Более чем через тридцать лет состоялся процесс над одним из долго скрывавшихся военных преступников. Он сообщил, что этот замок был строго секретным учебным центром нацистов, и он проходил там обучение. Шпионы специально изучали труды Маркса, Ленина и Тельмана. Кое-кого из них засылали в концлагеря, чтобы напасть на след коммунистов-подпольщиков.

Первый день войны.

Мы знали, что это может быть скоро, очень скоро. Но человеку необходимо, не растекаясь в фантазиях, иметь хотя бы крупицу надежды и мечты, что все еще может быть иначе.

Моя жизнь в Швейцарии, в стране, которая во что бы то ни стало хотела остаться нейтральной, очень усложнилась. Радиолюбительство было запрещено, надзор за иностранцами усилился. Меня разыскал чиновник швейцарской службы безопасности. Я смогла на все его вопросы ответить без запинки. К подобным «собеседованиям» я была подготовлена.

Отели закрывались. В бараки, что стояли в двухстах метрах над нашим домом, вселились солдаты. Раньше мы эти запущенные строения почти не замечали.

Родители увезли детей по домам, санаторий пришлось закрыть и тем самым кончилось учение Франка в школе. Мееле была счастлива, что Тина опять при ней. Но начавшаяся война больно задела и ее. Однажды она пожаловалась:

— Большие занимаются политикой, а маленькие за это расплачиваются.

У нашей тети Мееле, которая в ее возрасте прекрасно освоилась с атмосферой нелегальщины и помощь мне считала чем-то само собой разумеющимся, не было достаточной политической подготовки. Когда она передавала мне, что́ говорят люди, я пыталась многое объяснить ей. Говорила я с ней и о том, что писалось в буржуазных газетах, вернее, в той единственной газете, которую мы выписывали. Теоретических лекций она не признавала. «Я для этого слишком стара».

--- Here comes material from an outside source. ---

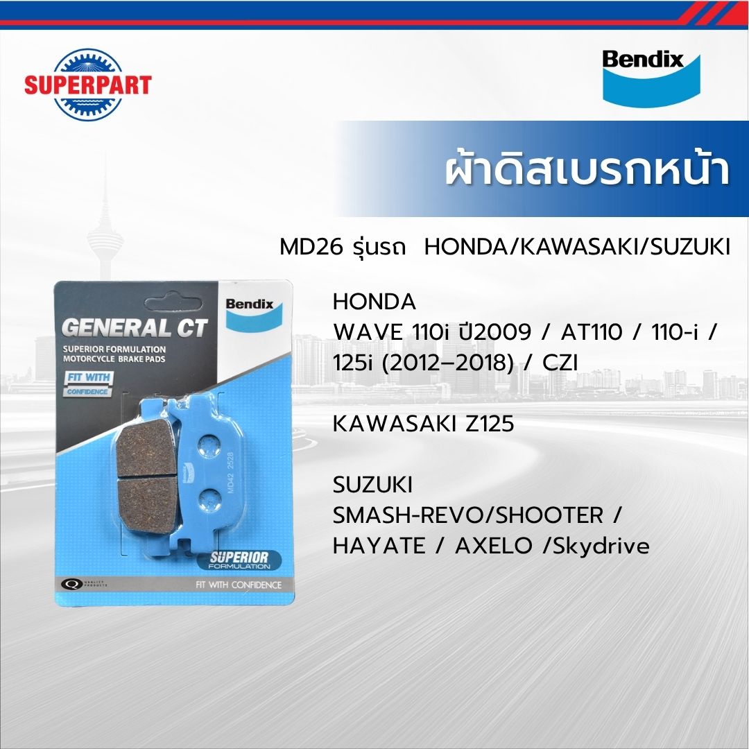 BENDIX General CT MD26 ผ้าดิสเบรกหน้าสำหรับรถมอเตอร์ไซค์หลายรุ่น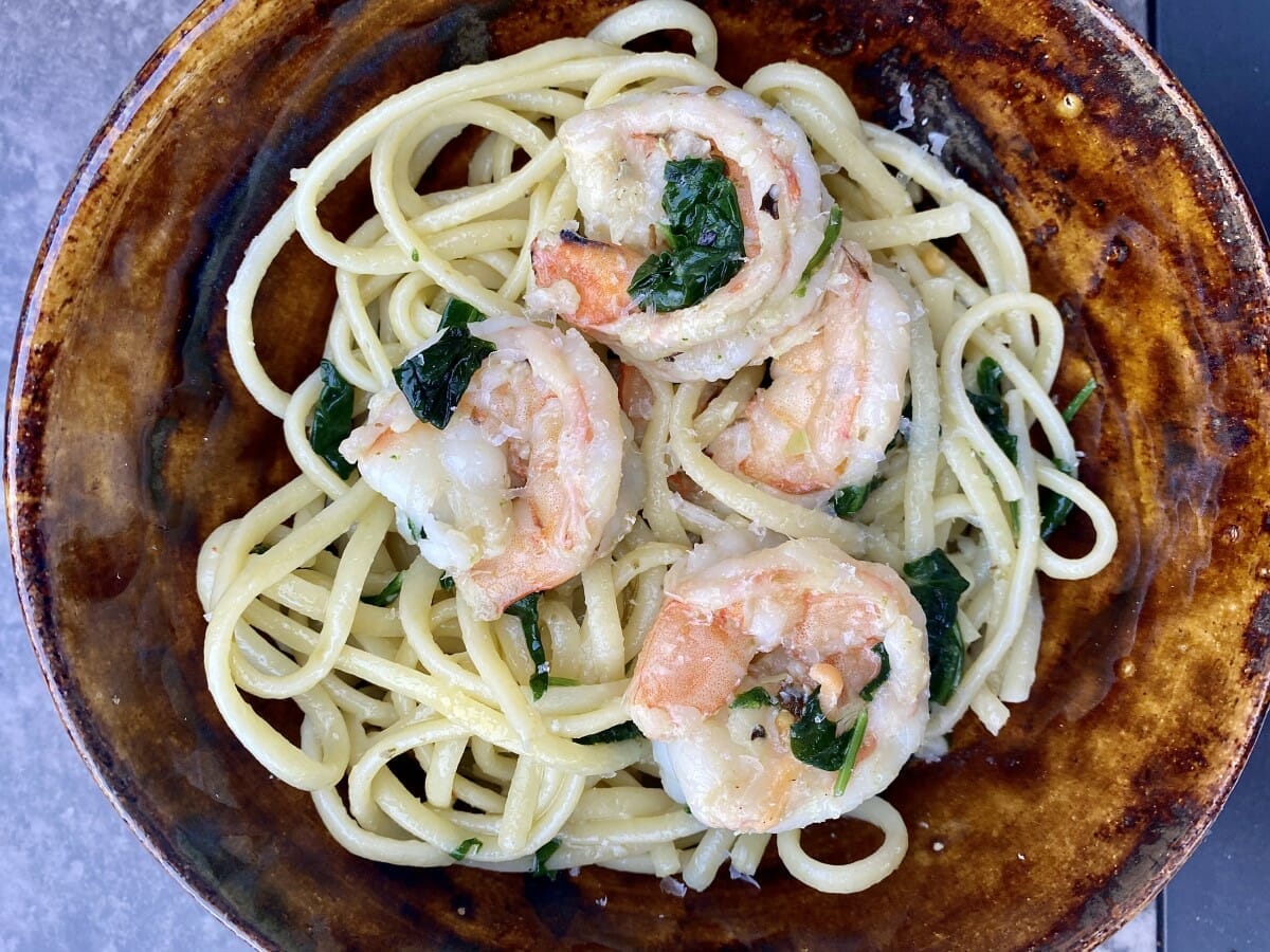 I absolutely love shrimp, but my wife has a shellfish allergy, so they rarely even enter the house. However, every now and then the craving to cook crustaceans is too overwhelming to resist, and when I stumble up a recipe like this Lemon Garlic Parmesan Shrimp Pasta, I plan accordingly and give it a go. That means making sure my wife is out of the house, like a recent afternoon when I cooked this recipe for me and the kids.

— Кто эти большие? — спросила я. — Разве политика Советского Союза привела к войне? Даже самый глупый противник не может искренне утверждать такую ложь. Если ты имеешь в виду правительства крупнейших капиталистических стран, то ты права, а народы, или, как ты говоришь, маленькие люди, должны за это расплачиваться. Но разве они совсем не виноваты в том, что выбрали такое правительство? Ты все очень уж упрощаешь!

К нам приехала Лилиан. Ее желудочная болезнь обострилась, она была испуганной и притихшей. Если Тина носилась по лугу, она причитала, сейчас, мол, девочка упадет, больно ушибется. Если Франк высовывался из окна на втором этаже, она глаз не могла поднять от страха. Она боялась, что, если визу дадут не скоро, она будет уже слишком больна и не сможет свидеться со своей семьей.

Мое разрешение на жительство истекло через месяц после начала войны. С тяжелым сердцем я отправилась по соответствующим инстанциям, но после нескольких вопросов мне поставили нужную печать. Для Мееле с ее законным немецким паспортом не было вообще никаких затруднений.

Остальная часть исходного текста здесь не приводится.